Filming was conducted in mid-2011, and This Is 40 was released in North America on December 21, 2012. It received mixed reviews from critics, who praised its cast, acting (particularly Mann, Rudd and Fox) and the film's comedic moments and perceptive scenes, but criticized its overlong running time and occasional aimlessness. In March 2022, Apatow was announced to be in early development of a third film, set 10 years later and titled This Is 50.

Plot
In the five years since Knocked Up, Debbie owns a boutique and Desi and Jodi works for her. Pete owns his own record label, and friends Ronnie and Cat work with him.

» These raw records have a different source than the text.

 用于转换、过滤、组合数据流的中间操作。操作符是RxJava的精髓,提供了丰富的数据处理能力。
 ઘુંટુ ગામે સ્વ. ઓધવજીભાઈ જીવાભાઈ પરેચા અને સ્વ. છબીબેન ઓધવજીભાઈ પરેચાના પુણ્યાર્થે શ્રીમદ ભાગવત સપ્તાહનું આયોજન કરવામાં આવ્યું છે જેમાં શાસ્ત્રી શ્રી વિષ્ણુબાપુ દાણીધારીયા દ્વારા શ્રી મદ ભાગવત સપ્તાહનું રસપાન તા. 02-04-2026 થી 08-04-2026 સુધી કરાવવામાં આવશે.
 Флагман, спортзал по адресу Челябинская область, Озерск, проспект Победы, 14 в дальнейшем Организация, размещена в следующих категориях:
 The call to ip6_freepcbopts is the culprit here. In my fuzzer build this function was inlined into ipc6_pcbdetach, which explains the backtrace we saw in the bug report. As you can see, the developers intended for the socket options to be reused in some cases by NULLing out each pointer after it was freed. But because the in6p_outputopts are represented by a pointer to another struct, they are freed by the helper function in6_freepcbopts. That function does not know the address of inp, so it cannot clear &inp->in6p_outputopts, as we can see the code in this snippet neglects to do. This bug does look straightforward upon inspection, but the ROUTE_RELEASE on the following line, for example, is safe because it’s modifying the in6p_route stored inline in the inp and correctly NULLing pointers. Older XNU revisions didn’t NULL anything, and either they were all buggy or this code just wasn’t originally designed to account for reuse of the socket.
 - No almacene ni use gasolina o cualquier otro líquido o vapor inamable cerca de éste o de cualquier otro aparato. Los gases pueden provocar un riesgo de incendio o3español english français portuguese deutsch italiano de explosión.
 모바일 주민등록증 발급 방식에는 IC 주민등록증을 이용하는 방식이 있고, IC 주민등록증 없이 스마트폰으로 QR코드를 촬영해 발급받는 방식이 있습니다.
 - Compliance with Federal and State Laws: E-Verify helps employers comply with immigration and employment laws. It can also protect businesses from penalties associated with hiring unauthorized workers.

Pete's business is struggling financially as he promotes the reunion of Graham Parker & The Rumour. The couple also are having to deal with their daughters; Thirteen-year-old Sadie and eight-year-old Charlotte. For Debbie's 40th birthday, the couple goes on a romantic weekend to a resort. There they get high on marijuana cookies and fantasize out loud about ways they would kill each other.

After speaking with her friends Jason and Barb, Debbie decides to improve her marriage and family through exercise and becoming more connected with her father. She tells Pete he needs to stop lending his dad Larry money because it is hurting them financially. Pete visits him, but is unsuccessful at giving him the news, and still agrees to give him more. Meanwhile, Debbie visits her gynecologist, discovering she is pregnant but decides not to tell Pete. Later, she yells at a student, Joseph, who has been taunting Sadie on Facebook. So much so that his mother, Catherine, gets into an argument with Pete.

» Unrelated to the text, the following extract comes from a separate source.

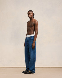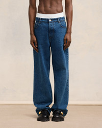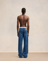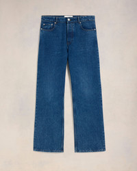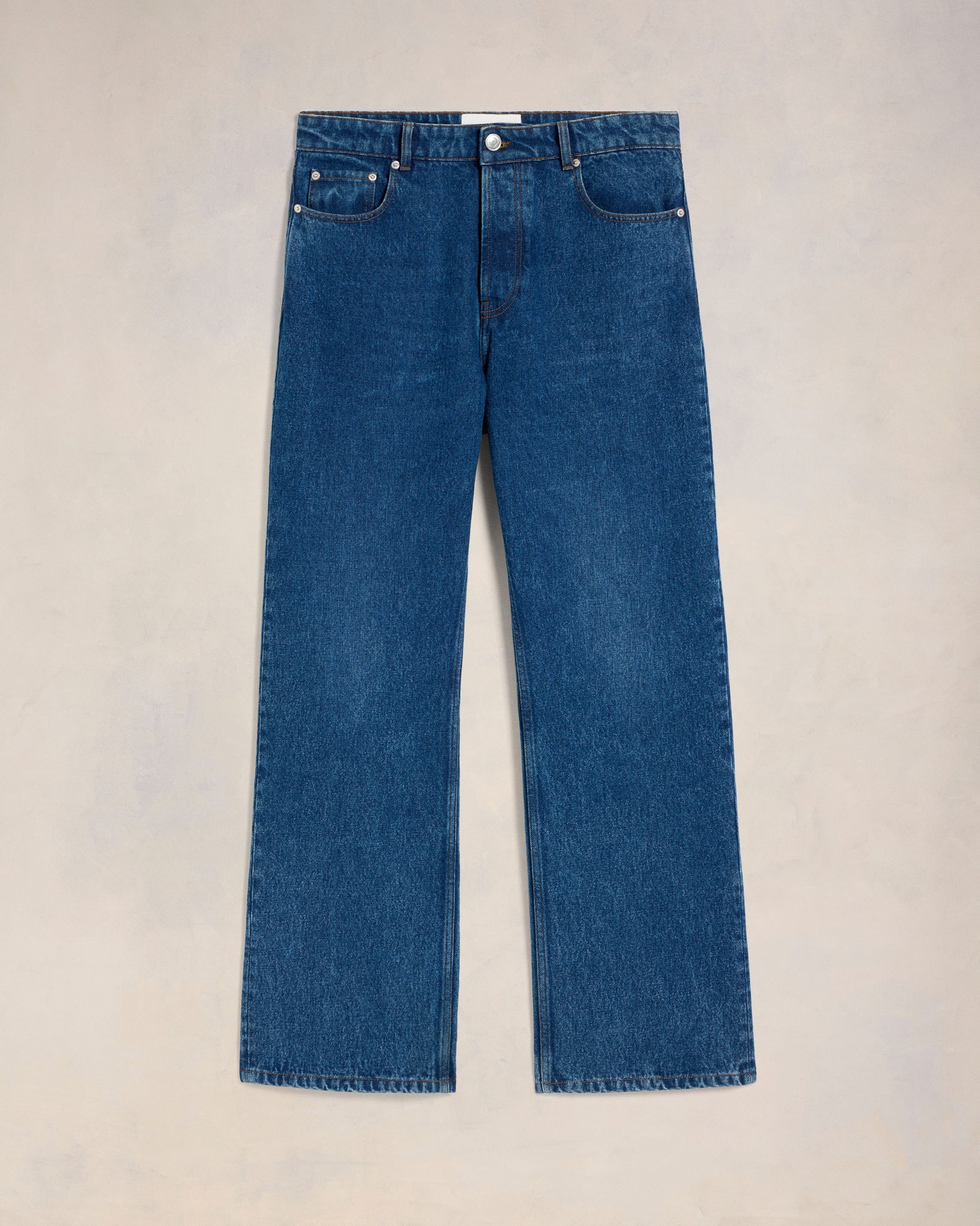Large fit jeans in used indigo denim. Large fit 27 cm bottom leg width (size 30) Classic waist Large leg 5 pockets Buttoned fly Metal studs and buttons in nickel color "ami alexandre mattiussi" patch on the back Tobacco topstitches Made in Portugal (with love) REF : HTR450.DE0031.480 SIZE & FIT Fits true to size. Take your normal size. Model is 1m83 / 6'0" and is wearing a size 30. COMPOSITION & CARE GUIDE 100% Cotton Machine wash at 30°C Chlorine prohibited Do not tumble dry Line dry in shade Medium iron Dry clean possible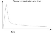 An example of an arterial input function showing the concentration of tracer in blood plasma over time.

One night between the school taunting sequences, Debbie takes Desi out dancing at a club, planning to confront her with her suspicions that she has been stealing money from the store. Debbie and Desi meet several players from the Philadelphia Flyers hockey team there. Debbie awkwardly finds out that one of the players wants to hang out with her and possibly sleep with her. Though flattered that he wants to have sex with her, she reveals that she is married, has two kids, and is pregnant. Afterward, Debbie drops Desi off at her house, finally confronting her about the missing money. Desi reveals she is able to afford nice things because she is also an escort.

Later, Debbie meets up with Jodi, who confesses she stole the money to buy Oxycontin. She fires her and leaves. Meanwhile, Pete and Debbie are having to deal with Sadie and Charlotte fighting all the time, resulting in arguments among the family. They later have to meet with the principal, but the couple denies everything Catherine accuses them of doing. The couple is delighted when she starts using the same foul language they had used previously, and the principal dismisses them.

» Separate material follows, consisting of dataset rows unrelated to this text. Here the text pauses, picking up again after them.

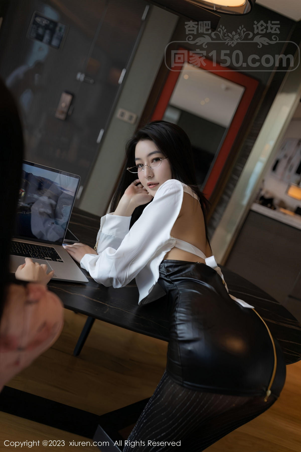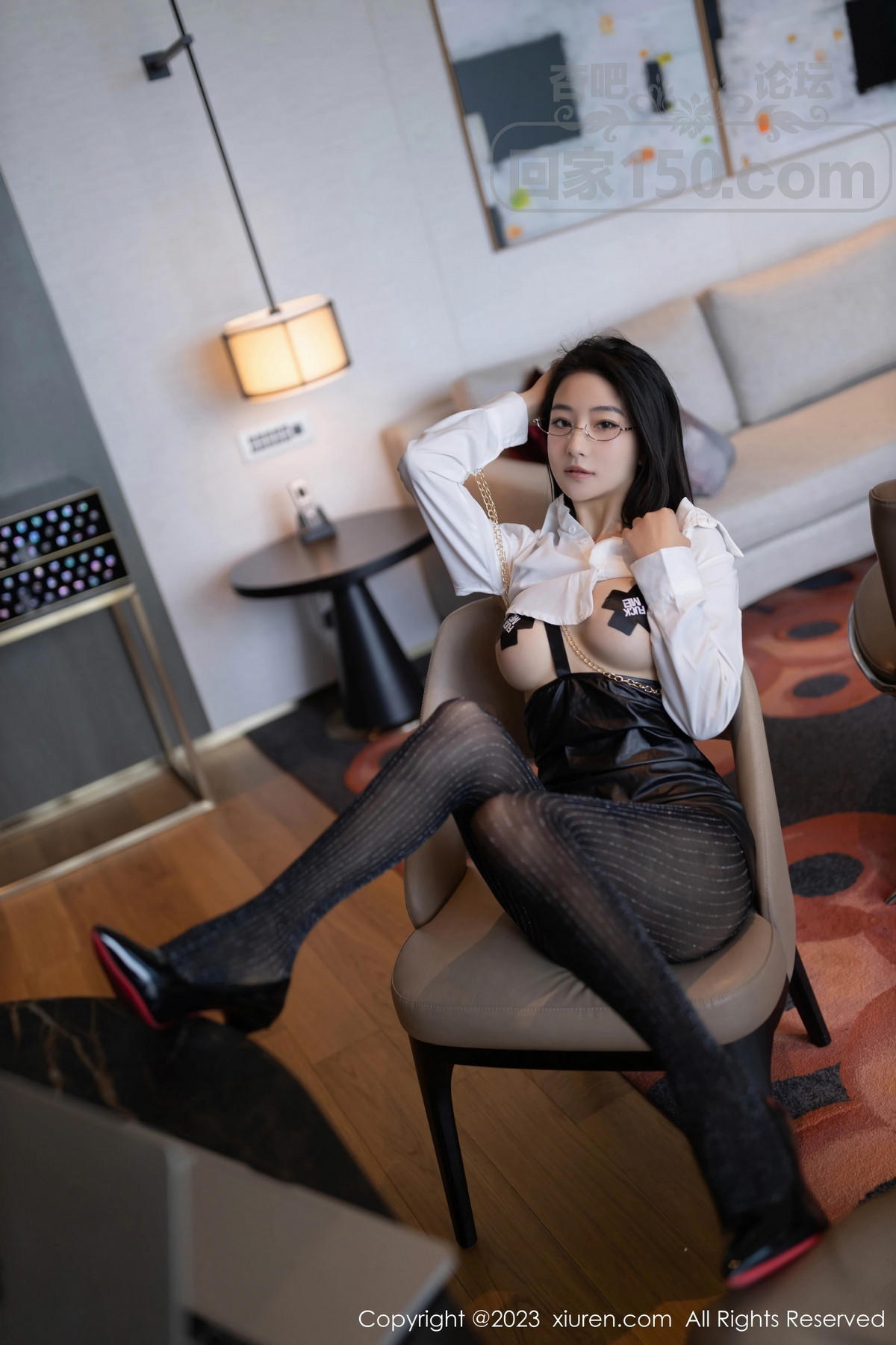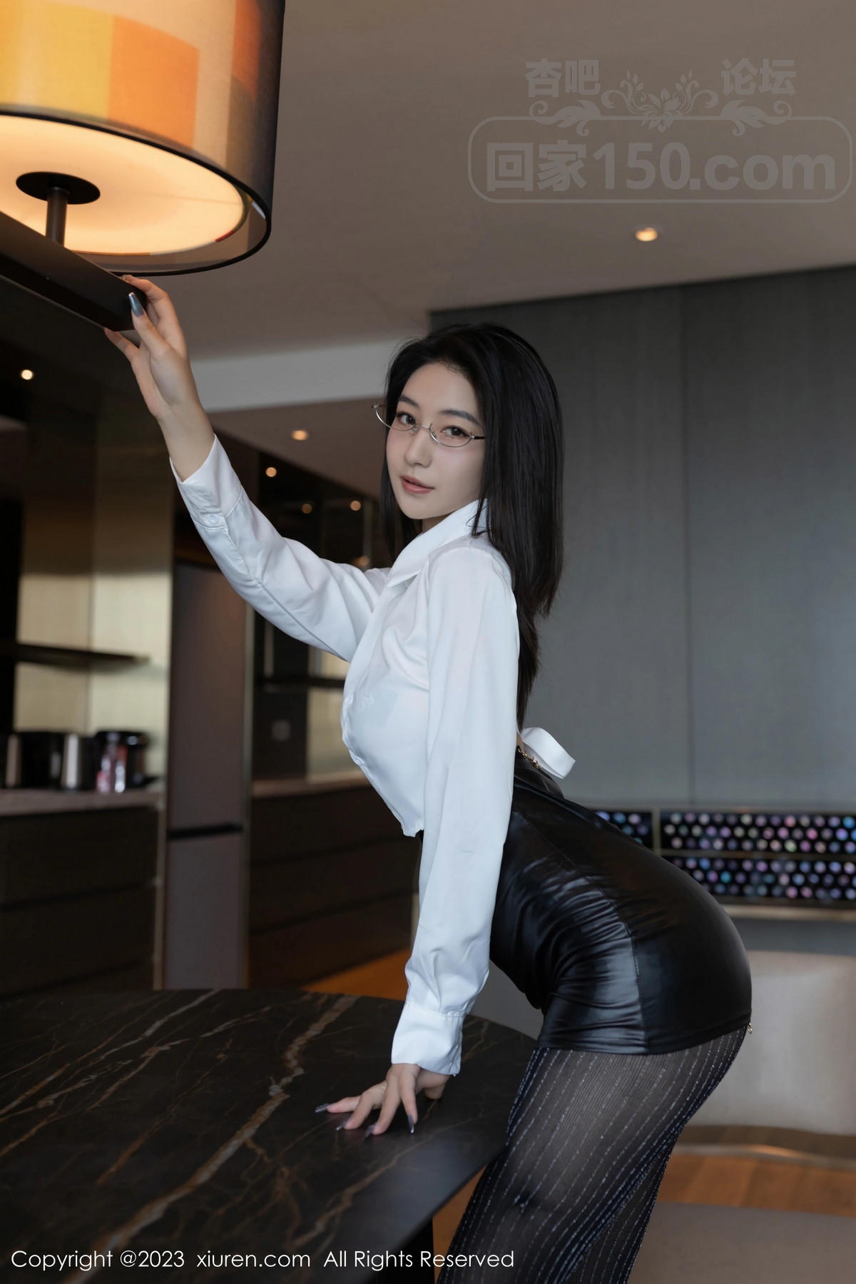 [美腿翘臀] 模特熊小诺性感白T配黑色皮短裙露超薄黑丝秀曼妙身姿诱惑写真【72P】 |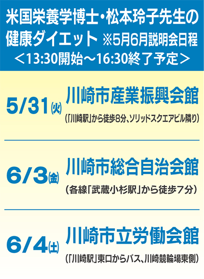 全国各地で50〜70代の女性から評判を呼んでいる「米国栄養学博士・松本玲子先生の健康ダイエット」。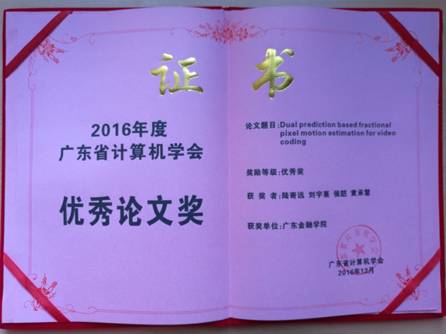 2016年12月7日,广东省计算机学会公布了2016年度优秀论文评选结果,经过申报、推荐及专家组综合评审等环节,评选出4篇一等奖论文,6篇二等奖论文,9篇三等奖论文以及7篇优秀奖论文。伟德国际victor1946陆寄远、刘宇熹、侯昉和黄承慧四位老师合作发表的论文“Dual prediction based fractional pixel motion estimation for video coding”获优秀奖。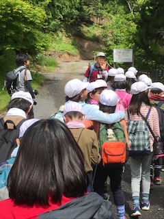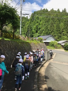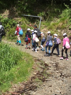 山の家の職員さんを先頭に,天狗杉という山を登っていきます。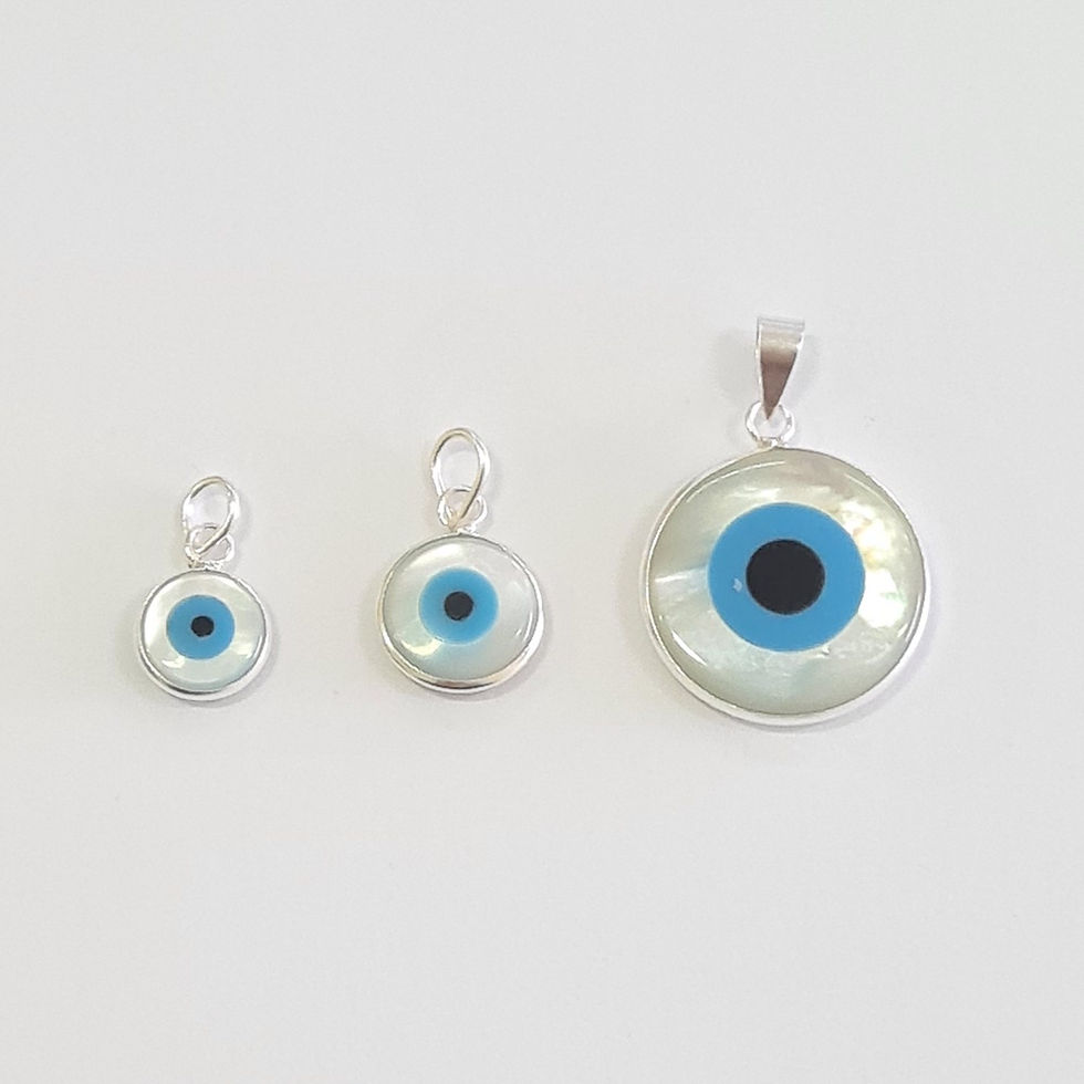 1PG2188 - Pingente madre pérola de olho grego na cravação inglesa

At Pete's 40th birthday party, they argue about the money his dad wants from them. Debbie argues with her dad about not spending enough time in her life, and how he is perfect. Oliver then explains that his life is not perfect, and how he has always cared about her and loved her. Later, Pete overhears Debbie talking about her pregnancy, and rides out of the house on his bicycle in anger. Debbie and Larry go, finding he has cycled into a car door. Pete gets into an argument with the driver of the car, who then punches him in the stomach.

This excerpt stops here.